Running the app locally

From the project directory, run:

streamlit run minimal_dashboard.py

Streamlit will start a local development server and open the app in your browser.

How the web app script works

The minimal dashboard code is organized as a short end-to-end pipeline: it configures the Streamlit page, requests data from the 4TU.ResearchData API, converts the JSON response into a pandas table, applies a couple of filters, and then presents the results in the browser.

1. Import the main libraries

The script starts by importing three libraries:

  • requests to communicate with the API
  • pandas to organize the returned JSON into a table
  • streamlit to build the dashboard interface

This reflects the three core parts of the workflow: data access (requests), data transformation (pandas), and data presentation (streamlit).

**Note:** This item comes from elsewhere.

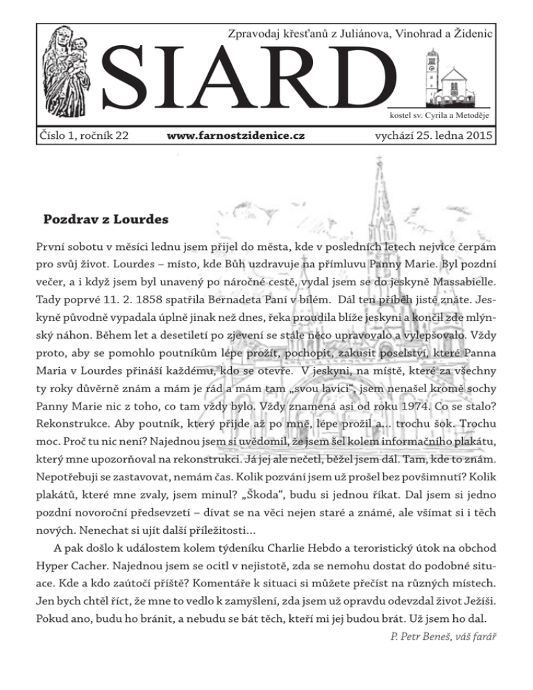 SIARD Zpravodaj křesťanů z Juliánova, Vinohrad a Židenic kostel sv. Cyrila a Metoděje Číslo 1, ročník 22 www.farnostzidenice.cz vychází 25. ledna 2015 Pozdrav z Lourdes První sobotu v měsíci lednu jsem přijel do města, kde v posledních letech nejvíce čerpám pro svůj život. Lourdes – místo, kde Bůh uzdravuje na přímluvu Panny Marie. Byl pozdní večer, a i když jsem byl unavený po náročné cestě, vydal jsem se do jeskyně Massabielle. Tady poprvé 11. 2. 1858 spatřila Bernadeta Paní v bílém. Dál ten příběh jistě znáte. Jeskyně původně vypadala úplně jinak než dnes, řeka proudila blíže jeskyni a končil zde mlýnský náhon. Během let a desetiletí po zjevení se stále něco upravovalo a vylepšovalo. Vždy proto, aby se pomohlo poutníkům lépe prožít, pochopit, zakusit poselství, které Panna Maria v Lourdes přináší každému, kdo se otevře. V jeskyni, na místě, které za všechny ty roky důvěrně znám a mám je rád a mám tam „svou lavici“, jsem nenašel kromě sochy Panny Marie nic z toho, co tam vždy bylo. Vždy znamená asi od roku 1974. Co se stalo? Rekonstrukce. Aby poutník, který přijde až po mně, lépe prožil a… trochu šok. Trochu moc. Proč tu nic není? Najednou jsem si uvědomil, že jsem šel kolem informačního plakátu, který mne upozorňoval na rekonstrukci. Já jej ale nečetl, běžel jsem dál. Tam, kde to znám. Nepotřebuji se zastavovat, nemám čas. Kolik pozvání jsem už prošel bez povšimnutí? Kolik plakátů, které mne zvaly, jsem minul? „Škoda“, budu si jednou říkat. Dal jsem si jedno pozdní novoroční předsevzetí – dívat se na věci nejen staré a známé, ale všímat si i těch nových. Nenechat si ujít další příležitosti… A pak došlo k událostem kolem týdeníku Charlie Hebdo a teroristický útok na obchod Hyper Cacher. Najednou jsem se ocitl v nejistotě, zda se nemohu dostat do podobné situace. Kde a kdo zaútočí příště? Komentáře k situaci si můžete přečíst na různých místech. Jen bych chtěl říct, že mne to vedlo k zamyšlení, zda jsem už opravdu odevzdal život Ježíši. Pokud ano, budu ho bránit, a nebudu se bát těch, kteří mi jej budou brát. Už jsem ho dal. P. Petr Beneš, váš farář • Pá 26. 6.–Ne 28. 6. 2015 – Dolní Kou- Přehled významných akcí v roce 2015 v brněnské diecézi • So 31. 1. 2015 – Brněnský dóm – od 09.30 oslava Dne zasvěceného života • Ne 22. 2. 2015 – Brněnský dóm – nice – festival Kéfasfest 2015 • So 27. 6. 2015 – Brněnský dóm – od 09.00 kněžské svěcení • Ne 5. 7. 2015 – Mikulčice – od 16.30 pouť ke sv. Cyrilu a Metoději • St 8. 7.–Ne 12. 7. 2015 2015 Brno – od 10.30 obřad zařazení katechumenů XXVI. konference Charismatické mezi čekatele křtu duchovní obnovy • So 28. 3. 2015 – Brněnský dóm – diecézní slavení Světového dne mládeže s otcem biskupem • Ne 12. 4. 2015 – Vranov u Brna – rodinná pouť (brněnské církevní školy) • Po 27. 4. 2015 – Brno, Petrov – přijímací pohovory do kněžského semináře • Pá 8. 4.–Ne 10. 5. 2015 – Brno – Tři dny křesťanské spirituality • So 23. 5. 2015 – Vranov u Brna – diecézní pouť ministrantů • So 15. 8.–Ne 16. 8. 2015 Brno – Den Brna • So 29. 8. 2015 Žďár nad Sázavou-II – XII. diecézní pouť rodin • Čt 15. 10.–So 17. 10. 2015 Brno – Národní eucharistický kongres (NEK2015) • Čt 15. 10.–Pá 16. 10. 2015 Brno, Biskupské gymnázium – Konference o eucharistii v rámci NEK2015 • So 17. 10. 2015 Brno – Národní pouť v rámci NEK2015 • Pá 29. 5. 2015 – Noc kostelů • So 6. 6. 2015 – Slavonice – od 10.30 diecézní pouť v rámci Národního eucharistického kongresu • So 13. 6. 2015 – Vranov nad Dyjí – Zprávy převzaté z biskupství Výročí Dne 16. 1. 2015 Sté výročí narození paní 13. celostátní misijní pouť a 10. misijní Cyrilly Svobodové, kdysi katechetky a učitelky den dětí na různých školách v Židenicích, dlouholeté • So 20. 6. 2015 – Brněnský dóm – od 10.30 jáhenské svěcení členky našeho farního společenství. Její manžel, vystudovaný právník, býval kostelním SIARD – Zpravodaj křesťanů z Juliánova, Vinohrad a Židenic Vydává Římskokatolická farnost u chrámu sv. Cyrila a Metoděje, Nopova 84, 615 00, Brno 15, tel. 548 530 034. Připravuje redakční rada, za obsah článku odpovídá autor. ZPRAVODAJ JE NEPRODEJNÝ. URČENO PRO VNITŘNÍ POTŘEBU. Finanční příspěvky pro farnost můžete zasílat na účet č. 42 00 14 30 12/6800 nebo na účet určený na opravy kostela – účet č. 22 00 03 27 19/6800 Variabilní symbol: Vaše IČO nebo rodné číslo, konstantní symbol: 558 2 hospodářem a patřil k zakládajícím židenic- nezorganizovala nějaká výprava mladých kým lektorům. V sedmdesátých letech vedl z naší farnosti. I když jsem dlouho váhal, náboženství pro mládež. Oba byli pro svůj jestli jet nebo ne, nakonec jsem 29. 12. ještě pevný postoj k víře pronásledováni, nemohli se 3 kamarády do Prahy vyrazil. pracovat ve své původní profesi a dlouhou Byli jsme plni očekávání, úplně jsme nevě- dobu se živili těžkou dělnickou prací. R.I.P. ! děli, do čeho se to pouštíme. Ale hned od redakce začátku nás toto setkání mile překvapilo. Po organizační stránce to nemělo chybu. Setkání Taizé v Praze – Pouť důvěry na zemi A to není žádná legrace sehnat jídlo a ubytování pro tolik lidí. Poté co jsme se zaregistrovali, dostali jsme průvodce setkáním, Zprvu jsem úplně nevěděl, o co přesně jde. mapu, abychom se neztratili, a také speci- Komunitu Taizé jsem neznal, maximálně ální kartičku, díky níž jsme mohli jezdit po jsem se párkrát zaposlouchal do zpěvů celou dobu setkání zadarmo metrem. Naše Taizé, které se jedno

2. Configure the Streamlit page

Next, the script defines some basic interface elements:

  • the browser tab title with st.set_page_config(...)
  • the main page title with st.title(...)
  • a short introductory text with st.write(...)

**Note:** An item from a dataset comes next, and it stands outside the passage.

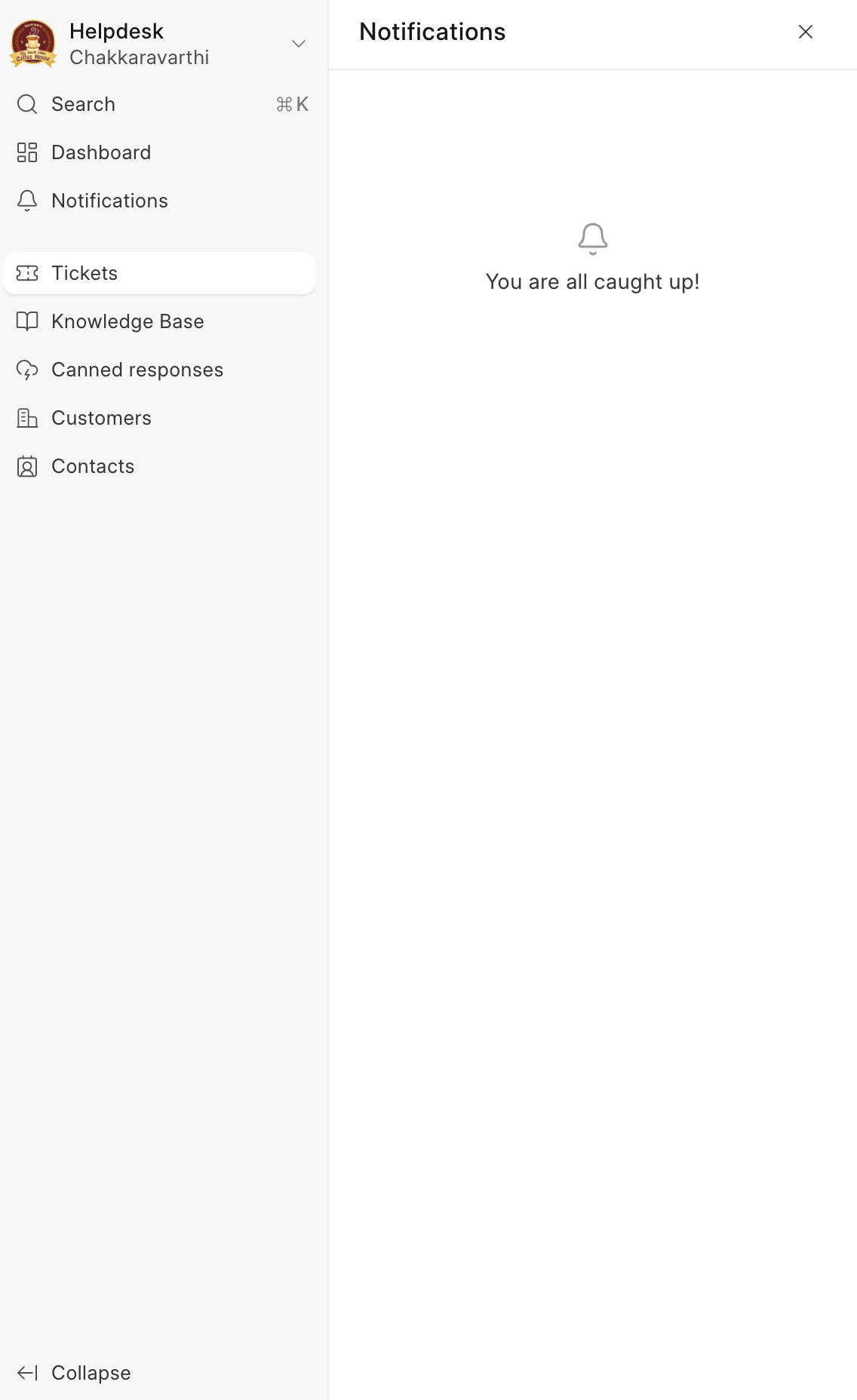 The helpdesk notification is empty. Even if someone mentions me in a ticket comment, it is still empty. No notification is shown in that Tab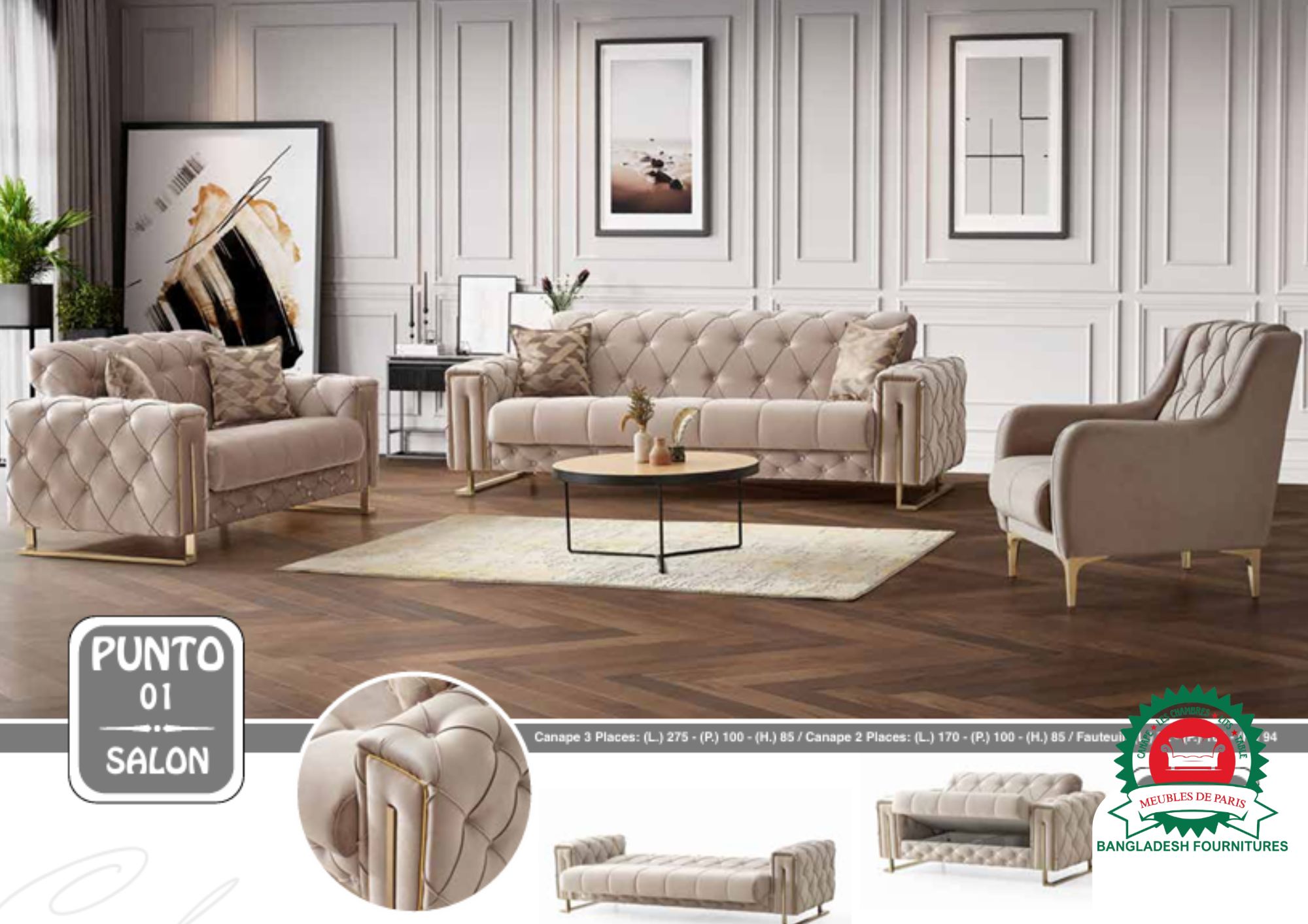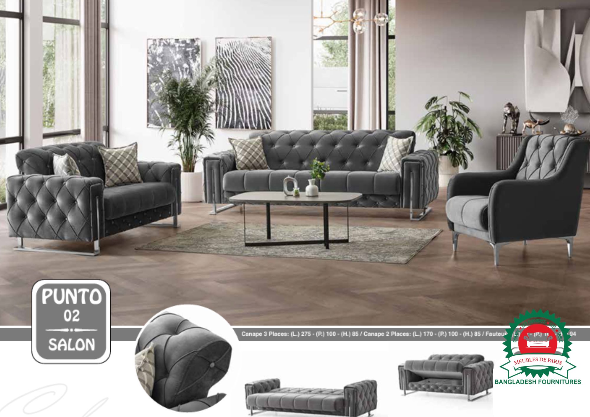 Découvrez le canapé PUNTO 3+2+1 ou en angle – l’un des modèles les plus demandés à Paris. Fabriqué en Turquie avec tissu de qualité, pieds en métal, multi-couleurs et tailles personnalisables.

This is the first visible part of the dashboard and helps users immediately understand what the application does.

3. Define the API endpoints

The script then stores the base URL of 4TU.ResearchData and builds two endpoint URLs:

  • /v2/articles to retrieve dataset records
  • /v3/groups to retrieve institutional group information

Using separate variables for these endpoints makes the code easier to read and easier to modify later.

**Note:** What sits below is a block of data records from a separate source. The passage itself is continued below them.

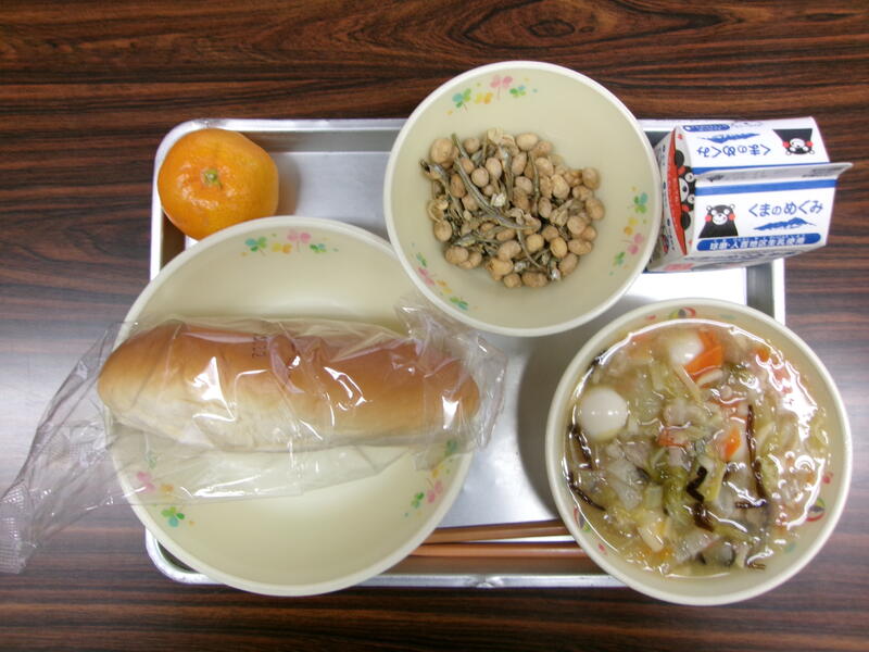 今日の献立は、ミルクパン、八宝菜、いりこと大豆のかりんとう、くだもの、牛乳でした。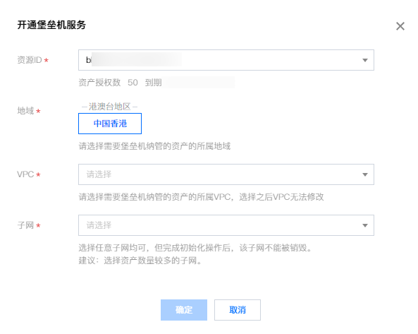 VPC:请选择需要堡垒机纳管的资产的所属 VPC,选择之后 VPC 无法修改。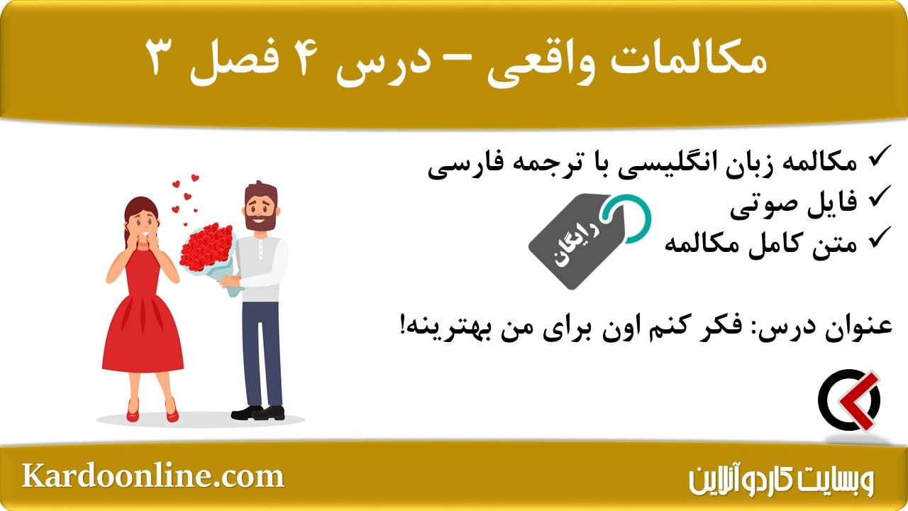 مکالمات واقعی زبان انگلیسی (عشق): فکر کنم اون برای من بهترینه! در این مطلب از وبسایت کاردوآنلاین، یک درس دیگر با عنوان فکر کنم اون برای من بهترینه! از مجموعه

4. Create a helper function for API requests

The function get_json() wraps the requests.get() call. It sends a request to a given URL, optionally includes query parameters, waits up to 30 seconds, checks whether the request succeeded, and returns the JSON response.

This is a good teaching pattern because it avoids repeating the same request logic throughout the script. Instead of writing requests.get(...) multiple times, the dashboard can reuse one small function.

5. Load group information first

Before loading datasets, the script requests the institutional groups from the groups endpoint. It stores them in a dictionary called group_map, where the key is the group ID and the value is the group name.

This matters because dataset records contain a group_id, which is not very meaningful to a human reader on its own. By creating this lookup table first, the dashboard can later translate group IDs into readable institution names. If this request fails, the script does not stop completely; instead, it shows a warning in the app.

6. Load a batch of datasets

The script then requests dataset metadata from the articles endpoint, using two parameters:

  • limit=500
  • offset=0

This means the app loads the first 500 dataset records. For a workshop, this is a practical choice: it keeps the example fast and simple while still providing enough data to explore. If the dataset request fails, the script shows an error and stops execution with st.stop().

7. Transform the JSON into a simpler table

Once the dataset JSON is loaded, the script loops through the returned records and extracts only a small set of fields:

  • id
  • title
  • published_date
  • institution

For the institution field, it uses the earlier group_map dictionary to convert group_id into a readable group name. If no match is found, it labels it as an unknown group.

Each simplified record is added to a list called rows, and at the end that list is converted into a pandas DataFrame. This is the main transformation step: a nested JSON response becomes a flat table that is much easier to filter and display.

8. Clean the date column

After creating the DataFrame, the script converts the published_date column into pandas datetime format using pd.to_datetime(...).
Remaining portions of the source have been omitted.